We know that gay and bisexual men in Europe and north America are a comparatively privileged sexual minority (although MSM – men who have sex with men, but don’t identify as gay or bisexual – are often less privileged), especially compared to lesbian, bisexual, and transgender people. The lives and experiences of a wider range of people need further amplification – especially given common misunderstandings about technology use in socioeconomically disadvantaged settings; people are often surprised to hear that smartphones are used almost everywhere in the world. This includes within seriously deprived settings, where it may be the single most important object for a family’s livelihood or income. That does not mean it is not also used for communicating, partner-seeking, or pornography in any number of these settings.

Photo by Martin Tod, licensed under CC BY-NC-SA 2.0

Nevertheless, one of the things that people still ask me a lot about when they hear about my PhD and its research into smartphone dating apps is about people’s behaviour online: things that people complain about seeing again and again. It’s as if there are a list of the ‘usual suspects’ to be wary of when using dating or hook-up apps, from the ubiquitous time-waster (‘talk, talk, talk, and yet never agrees on concrete plans to meet up) to the catfish (‘Amazingly good looking but interested in me!’, or ‘keen to meet but there’s something weird about the photos’). It provoked new questions based on online identity: Could we sketch out different ‘types’ of dating app user? Would those ‘types’ translate between queer and heterosexual? Do different apps host different types?

My qualitative fieldwork suggested that male-male apps contained ‘types’ that were far more specifically defined, and more commonly recognised by a whole range of users, than anything I was reading about being theorised elsewhere, so I looked into it further and developed three ‘types’ of user: the Embracer, the Timewaster, and the Minimalist. Whilst the vignettes I write in the chapter are fictional, they are amalgamated from a range of real-life users I spoke to, augmented by the profiles of other users that my participants discussed repeatedly (and usually in strongly positive or strongly critical ways). These profiles build an interesting picture of different modes of use for a market-dominant app like Grindr or Tinder. These ‘types’ of user, and the strong feelings they provoke in others, also speak to an argument I bang on about a lot: that the social codes of these GPS-enabled apps have yet to catch up to their digital sophistication. The result is user enthusiasm for what these platforms can offer in meeting new people – especially important for sexual minorities – tempered by real frustrations about other people not taking the app seriously, or taking it too seriously, or just not reflecting the user’s desired path to encounter.

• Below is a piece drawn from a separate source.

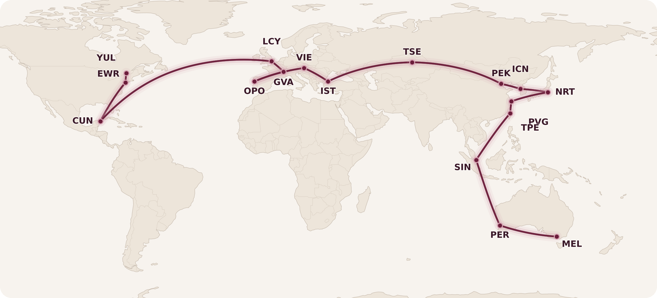 The Turkish Airlines 787. The EVA Air 787. The ANA 787. The TAP Air Portugal A321-LR. Cancún, Kazakhstan (with potentially a side-trip to Uzbekistan), Shanghai, Melbourne, Geneva, London, Porto. I’m beyond pleased to have booked another globetrotting adventure, and am once again blown away by the fact that I was able to accomplish this with 160,000 Aeroplan miles – I don’t think that feeling will ever get old.

Even more fascinating perhaps is the finding that the Timewaster – an app user who is keen to chat, seemingly reciprocates interest, and yet keeps postponing a date or other physical meeting, seemingly content to exist only in cyberspace – is almost universally criticised by users. Yet many of these same users sometimes exhibit precisely this behaviour themselves. This paradox serves to emphasise that we must not think of ‘types’ or user typologies as somehow fixed, but instead flexible categorisations that users might adopt, consciously or not, at different times in their app use over time. You may not see yourself as a time-waster because it’s not a trait you think is very attractive, but that doesn’t mean that sometimes you’re not that person to another frustrated user.

dating app.jpg

The picture built up by this qualitative work is one of seriously mixed feelings. Users characterise their time using online partner-seeking apps with as much ambivalence as enthusiasm. Thinking more about what the categories I have sketched out above might mean for online partner-seeking, and how social and/or sexual connection happens (or doesn’t happen) online can help us to think about larger questions far beyond the scope of dating apps. These include who we are when we’re online, and why that still feels ‘removed’ or disembodied from what should by now be a more taken-for-granted, hybridised digital-physical reality.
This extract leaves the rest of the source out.